Par ailleurs il n'y a rien de nouveau ici. La bourgeoisie discute politique et va à l'église, le prolétariat fait quoi ? Nous ne le savons pas et nous pouvons difficilement le savoir. L'adresse à laquelle ta dernière lettre est arrivée est pour l'instant encore sûre. J'espère recevoir l'argent ce soir — Köttgen vient de m'assurer à l'instant qu'il en ramassera encore un peu dès qu'il aura un peu plus de temps —, dans quelques jours. Mais je n'ai pas grande confiance ; K[öttgen] est toujours prêt lorsqu'il peut se faire valoir, sinon il ne vaut et ne fait rien.

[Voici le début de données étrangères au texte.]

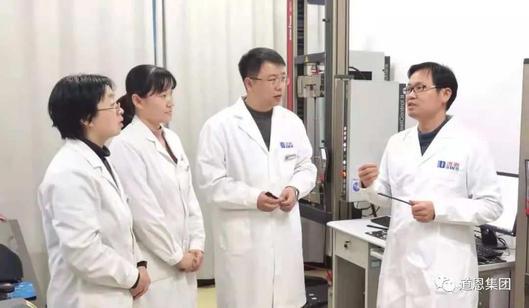 國家重點人才工程專家、道恩股份總經理田洪池(右1)在技術中心指導工作

Adios.

Ton

E.

  1. Allusion à l'ouvrage resté inachevé de Fourier : Section ébauchée des trois unités externes qui ne fut publié qu'après sa mort dans la revue La Phalange (1845), où parurent également des textes où Fourier expose sa cosmogonie.
  2. La Situation de la classe laborieuse en Angleterre.
  3. Les mots : « 122 frs 22 c. payable à Bruxelles » ont été ajoutés par Stephan Adolf Naut.
  4. Voir La Sainte Famille où Marx, à propos du compte rendu des Mystères de Paris par Stirner et de l'interprétation du roman d'Eugène Sue par Szeliga, joue sans cesse sur le terme de « mystère ».
  5. Le compte rendu des réunions d'Elberfeld des 8 et 15 févriers 1845 où Engels prit la parole, fut publié dans le premier volume de la revue de Hermann Püttmann : Rheinische Jahrbücher zur gesellschaftlichen Reform. La critique des idées de List figure dans le deuxième discours qu'Engels prononça à Elberfeld.